Your experience with service availability is very different from mine, and I am not sure which is reality.
I assure you - this has been discussed on A/V-specific forums
ad infinitum. Every time someone has posted a copy of their Internet bill online, claiming that it is artificially high, it turned out to be within 5% of what we're charged here. Regardless, the point is that if there is a problem, then that problem is with the local government - not with the service provider - and doesn't justify making up one's own terms and conditions and inflicting them on the service provider. Railing against the mass-market is fine - but take it out on the mass-market as a whole (by doing without) rather than on any specific supplier, just doing what society has implicitly told them to do.
My experience was with 3 different states within the last 5 years, 2 were in large cities and one is in a more rural area. I did not have choice of provider in any of the three situations.
Friends of mine moved to New Hampshire when taxes started getting really high here in Massachusetts. What was Massachusetts doing with the money that New Hampshire wasn't doing? Fostering innovation; helping build a strong business environment. The result? My friends from New Hampshire work here, in Massachusetts - oh, and now pay Massachusetts income tax, because folks in Massachusetts were sick and tired of subsidizing the labor market that benefited New Hampshirites. If we have three providers, here, then your local government, if it was doing its job, could have ensured you would have at least two (just like New Hampshire could have fostered a better labor market for New Hampshirites, if New Hampshirites were willing to spend the money to do so, voluntarily). Why doesn't your local government do so? I have no idea, but perhaps because their constituents don't actually think it is important enough (see above, regarding folks in New Hampshire enjoying lower taxes but less focus on fostering great jobs), or they realize that competition wouldn't actually change the price significantly.
I do not see what the city, or state or federal government have anything to do with the practice. Are you saying every activity should be regulated or approved by the government?
Local government is empowered to regulate telecommunications in every state in the nation. I know; I used to deal with regulators in each of the 45 or so states the company I worked for in the early 1990s sold into.
They already control "the practice". They have the ability, if they (you-collectively) are so-inclined, to do whatever it is my local government has done to provide us what you say you want. And again - "Regardless" - any applicable equivocations along these lines would still not justify making up one's own terms and conditions and inflicting them on the service provider.
I do not understand your counter-argument about how competition and the de-monopolization of telephone companies brought down the price of long distance phone calls.
I don't know what about it you didn't understand. Perhaps you think long distance rates went down right after deregulation. They did a little, but they didn't drop to effectively zero for so many people until this past decade. And again - "Regardless" - any applicable equivocations along these lines would still not justify making up one's own terms and conditions and inflicting them on the service provider. If you feel that there are monopolies (judges say there are not, not even locally) and that some kind of anti-trust action is necessary, then make it happen.
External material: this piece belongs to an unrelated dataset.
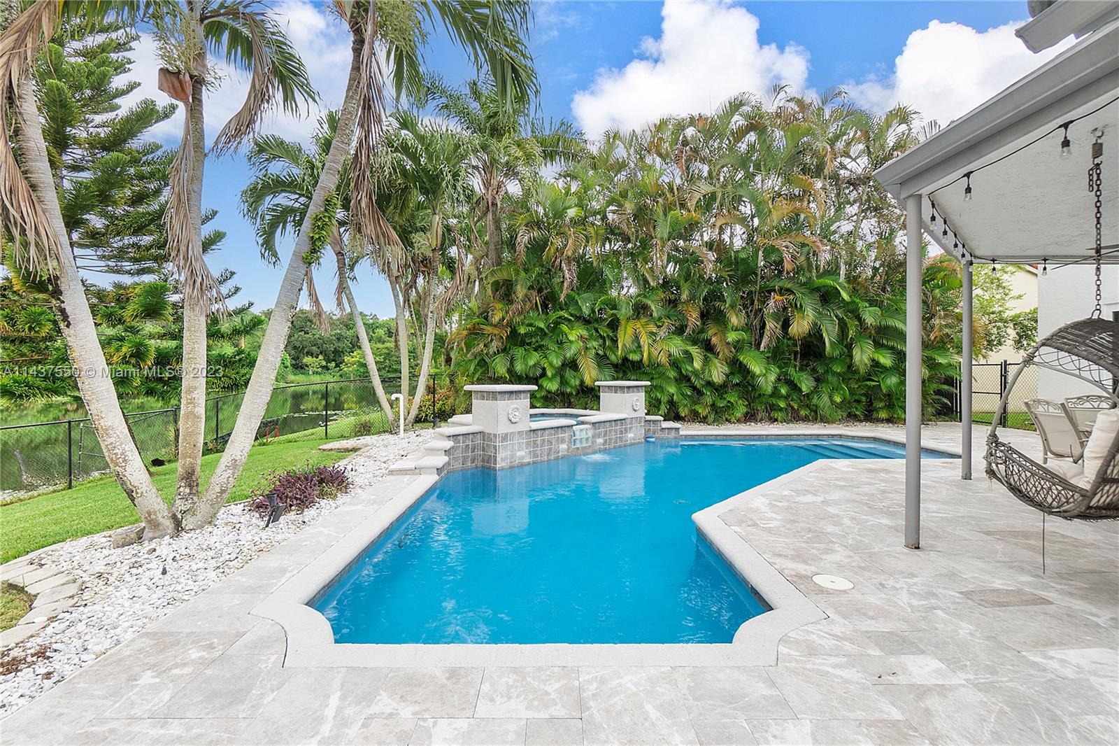 A One Of A Kind 4 Bed/3 Bath W/3 Car Garage. This Home Backs Up To A Natural Preserve And Expansive Views Of Fully Stocked Lake. No Backyard Neighbor Ever! Large Family & Living Room W/ High Vaulted Ceilings & Impact French Doors Leading To Updated Tumbled Marble Pool Area With Lake Views. Remodeled Kitchen W/ SS Appliances, Double Oven, Farmhouse Sink, Beveled Edge Granite Countertops W/ Under Cabinet Lighting. Double Frosted Glass Pantry. Oversized Primary Suite W/ 14 Ft High Tray Ceiling And Totally New Remodeled En-Suite Bath W/ Quartz Countertops, Dual Vanities, Double Frameless Glass Shower & Double Deep Step In Tub. It Also Has A Room W/ Remodeled Full Cabana Bath. Roof 2020. AC 2016, Irrigation 2022, Pool Resurfaced & Pump 2021. Samsung W/D 2021. Pavers Driveway. A-Rated Schools!

There is no justification for abusing loopholes and otherwise shifting the cost of use of service from those who steal the service onto those who are honest and forthright.
If you travel frequently, you would have noticed the reduction of number of flights, the pretty steep price increase in tickets, and the dramatic deterioration of in flight services.
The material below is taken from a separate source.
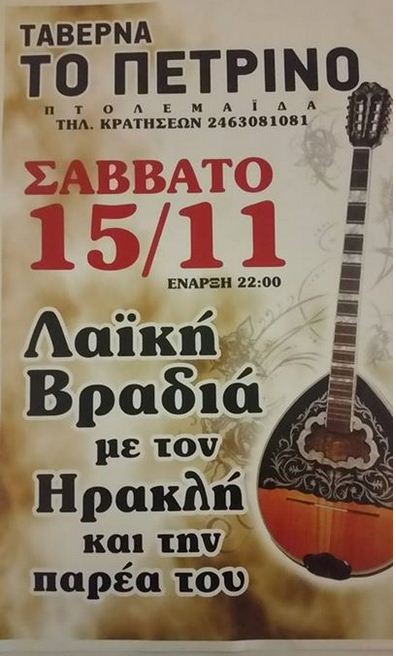 Λαϊκή βραδιά στην ταβέρνα “Πέτρινο” στην Πτολεμαϊδα , το Σάββατο 15 Νοεμβρίου

The market righting itself after excessive regulation destabilized so many airlines financially that so many of them failed.
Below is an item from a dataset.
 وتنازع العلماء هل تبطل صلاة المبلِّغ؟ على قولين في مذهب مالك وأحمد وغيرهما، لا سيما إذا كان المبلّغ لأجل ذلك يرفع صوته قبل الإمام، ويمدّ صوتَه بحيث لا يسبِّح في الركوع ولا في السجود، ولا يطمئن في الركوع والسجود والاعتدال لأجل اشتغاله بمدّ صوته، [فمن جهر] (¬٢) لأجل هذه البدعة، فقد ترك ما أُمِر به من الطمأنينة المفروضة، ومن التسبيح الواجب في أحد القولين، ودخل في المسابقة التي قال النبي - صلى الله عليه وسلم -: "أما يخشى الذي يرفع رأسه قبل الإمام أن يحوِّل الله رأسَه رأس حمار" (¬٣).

I wish I, or anyone else, can "make up my own rules and inflict them on the internet providers ".
If you read the message I replied to, that was precisely what we're talking about.
In my experience, the direction is overwhelmingly one way: The internet providers pretty much made up the rules and control the terms.
This is the nature of the mass-market. You would not want to incur the costs associated with operating mass-market businesses in such a manner that each customer has their own engagement activity, with their own negotiating of terms and conditions. That would in some cases double prices. A fundamental feature of the mass-market is that providers make offers, and consumers have the right to accept or decline.
Like electricity, gas, and health care, there is no realistic possibility of doing without, and I find your suggestion that if I feel the service to be too essential to do without, then bring the government in, curious to say the least.
You shouldn't. Perhaps before you were born, that's the way electricity and natural gas was - practically 100%. It is only through de-regulation that such utilities became less-regulated, mass-market service offerings. In other words, it was the government coming in that opened the doors that are opened, to the extent that they are open today. It should be pretty clear that if you want the doors to be opened more or closed more, or turned into a different shape, and you're unhappy with what the marketplace offers, then you would bring about such changes through the good offices of government.